Indian trade association exposes sensitive data


The Federation of Indian Chamber of Commerce and Industry (FICCI) exposed an important file, risking indirect financial loss and reputational damage, as well as legal and compliance problems.

The Cybernews research team has come across a publicly hosted environment file (.env) containing sensitive data such as credentials for databases. It turns out that the file belongs to FICCI – a century-old Indian trade organization.
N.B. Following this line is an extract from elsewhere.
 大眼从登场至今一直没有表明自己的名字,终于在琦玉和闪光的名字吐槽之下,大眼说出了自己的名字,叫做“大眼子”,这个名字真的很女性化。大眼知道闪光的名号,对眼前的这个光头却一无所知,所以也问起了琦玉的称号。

With an indirect membership of over 250,000 companies, it refers to itself as 'the voice of India's business and industry.'

The file in question has been open to the public for over three months – it was first indexed by IoT search engines on August 25th, 2023, and was closed on November 16th, 2023. Namely, the file contained:

  • Mail SMTP credentials: The exposure of STMP (Simple Mail Transfer Protocol) credentials can pose significant risks to FICCI as attackers can exploit them in phishing or malware distribution.
  • SQL Database credentials: Since the database doesn’t have public access, it can only be accessed from the network. However, if the database would have been open to the public, attackers could have used the credentials to access the company’s data
  • API endpoint, client secret, and ID: Exposing API client secrets and IDs poses significant risks, compromising data integrity and confidentiality and potentially leading to data breaches.
  • CRM (Customer Relationship Management) token API: Attackers with access to this can potentially interact with the CRM system, which is extremely worrying if the system is connected to many businesses and contains sensitive customer data.

Researchers noted that, while exposed .env files usually pose a significant risk to organizations due to their sensitive nature, in this case, home security measures were in place. This means that, despite containing credentials for databases, the latter were protected from public access.
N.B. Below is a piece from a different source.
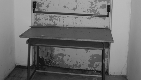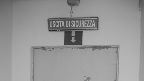I vetri sulle pareti più alte sono rotti e al centro della palestra è stato posto un telo enorme per impedire ai giocatori di bagnarsi nonostante sia una struttura interna. Percorrendo i corridoi dello stabile, il custode ci rivela che questo è stato fatto costruire da Benito Mussolini nella prima metà del ‘900 per ospitare orfani di guerra e figli abbandonati nella chiesa oggi sostituita dalla posta. Arriviamo nei bagni dopo aver osservato che le porte antincendio sono bloccate dai banchi per impedire che si sbriciolino.

“If malicious actors discover the exposed environment file at FICCI, the trade association may face indirect financial losses, reputational damage, legal and compliance problems, unauthorized access to confidential information, and potential subsequent data breaches and manipulation,” stated Cybernews researchers.

Given the extensive scope of FICCI's activities and its vast network of partners, members, and stakeholders, the organization presents a lucrative target for cybercriminals.

Cybernews has contacted FICCI for an on-the-record comment and will update the article upon receiving more information.

Exposed .env files happen to be quite a common security issue, as the Cybernews research team's investigations have shown over the years. Here is some advice on how to deal with them:

  • Render the .env file inaccessible using any type of authorization or authentication.
  • Investigate access logs to identify whether any threat actors have accessed the exposed sensitive information.
  • Change the compromised SMTP credentials to prevent unauthorized access to email services.
  • Immediately revoke and regenerate the API client secret and ID to invalidate the exposed credentials.
  • Use encryption and access controls to keep API secrets safe.
  • Regularly rotate secrets to reduce the exposure window.
  • Check API usage for irregularities and suspicious activities.